I had a Class C Jamboree that was a white knuckle E ticket ride, exactly the same as you are describing. I drove it that way for 15 years, knowing that my DW would never get behind the wheel, nor would I want her to. Then, finally, I weighed it, front & rear. My front tires were over-inflated for the weight I was actually carrying. Adjusted the tire pressure and it was a day & night difference. Suddenly, I could relax and drive with one hand. I could actually eat a burger while going down the road. I kicked myself for actually driving it for 15 years before easily "fixing" what was wrong for only $10 (the cost of the weigh station).

I just recently bought a 2004 Class A; dealer installed brand new tires.

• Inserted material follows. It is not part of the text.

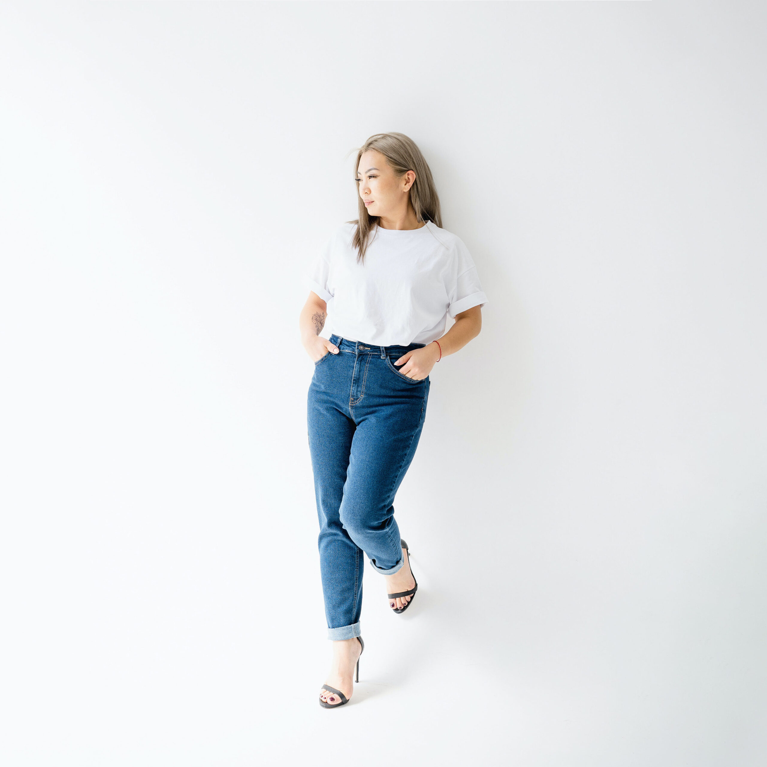 Mid-Waist White Jeans

First trip, while not as bad as my previous class C, it WAS similar, swaying back & forth and difficult to keep going straight down the road, particularly over 60mph. Immediately went down and weighed it, all 4 corners. Front tire pressure was at least 10psi higher than it needed to be based on actual weight and the tire manufacturer's chart. Dropped that front tire pressure, and solved the issue.

I pooh-poohed the idea that tire pressure could make that big of a difference for 15 years. Now I know better. An RV is nothing like a car or truck; tire pressure can and will make a huge difference in handling. Before you do anything like trac-bars, shocks, sway bars, etc...IGNORE THE TIRE PRESSURES LISTED ON THE DRIVER DOOR TAG; WEIGH YOUR COACH AND ADJUST YOUR TIRE PRESSURE ACCORDINGLY. Then and only then start making mechanical upgrades/changes if still necessary.